Nûr-i aynım,
Çeşm-i giryânım,
Attila İlhan o meşhur şiirinde “Gözlerin gözlerime değince / felâketim olurdu ağlardım” diyordu. Ne zaman bu şiiri okusam, gözlerin nasıl olup da felâkete sebep olabileceğini düşünmüş, “felâket” kelimesinin üzerine şairâne bir ustalıkla bindirilen muhtemel yan anlamlar üzerine uzun uzun kafa yormuşumdur. Şimdi sorayım sana: Gönlün bir nehir gibi kuruması mıdır felâket, yoksa baraj kapakları açılmışçasına gümbür gümbür çağlaması mıdır? Firkat ateşiyle yanıp kavrulmak mıdır felâket, yoksa buz kesmiş bir kalple insanın içinin titremesi midir?
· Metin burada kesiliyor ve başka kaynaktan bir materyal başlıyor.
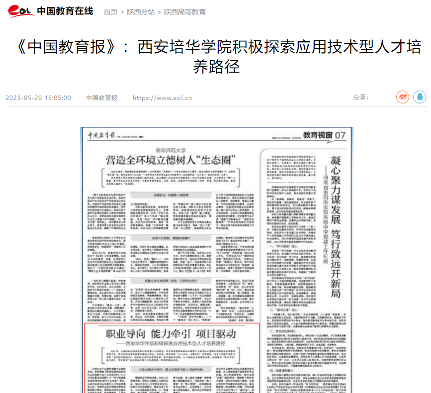 2014年,为适应社会经济发展对应用型人才的需求,西安培华学院积极响应国家大力倡导地方普通本科高校向应用型转变的号召,成为陕西省首批转型发展试点单位。多年来,学校坚持“以人为本,以德为先”办学理念,在育人实践中传承与创新“黄炎培职教理念”,依托校企共同体资源共享、协同增效的优势,大力推进应用型课程改革,积极探索“职业导向、能力牵引、项目驱动”的应用技术型人才培养路径,取得阶段性成效。

Bunlar kadar -ve belki daha da- önemlisi, neden felâket dediğimiz şey gözün göze değmesiyle meydana gelmektedir?
Bu mektupta, sana, konuyla ilgili serâzâd düşüncelerimin beni hangi ıssız kıyılara sürüklediğini, “denizden yeni çıkmış ağların kokusunda” zihnimin beni nerelere alıp götürdüğünü anlatmak istiyorum.
Biliyorsun, göz genel olarak edebiyatımızda, özelde ise dîvan şiirimizde yaygın olarak kullanılan, en çok bilinen mazmunlardan birisidir. Birçok eserde doğrudan “göz” kelimesine başvurulduğu gibi, kimi zaman dîde, ayn, çeşm gibi kelimeler ve bu kelimelerden türeyen terkipler de ön plana çıkmıştır. “Nihansın dîdeden” ve “Bakmıyor çeşm-i siyah feryâde” şarkılarını, “İşte gidiyorum çeşm-i siyahım” türküsünü, Şeyh Gâlib’in o meşhur ve olağanüstü güzellikteki “Merdüm-i dide-i ekvân olan âdemsin sen” mısraını, tasavvuftaki “ayn’el yakin” terimini ne kadar çok kişi duymuştur.
İlginç olan “ayn” kelimesinin Arapça’da aynı zamanda pınar, kaynak; aslı, kendisi; eşyânın hakikati anlamlarına da gelmesidir. Bu yönüyle göz, görme organını tanımlamak için kullanılan bir kelime olmanın dışına taşmış, bunun çok daha ötesine geçmiş, üzerinde tefekkür edenin pusulasız gitmekte bir hayli müşkilât çekeceği geniş bir anlam haritasına dönüşmüştür.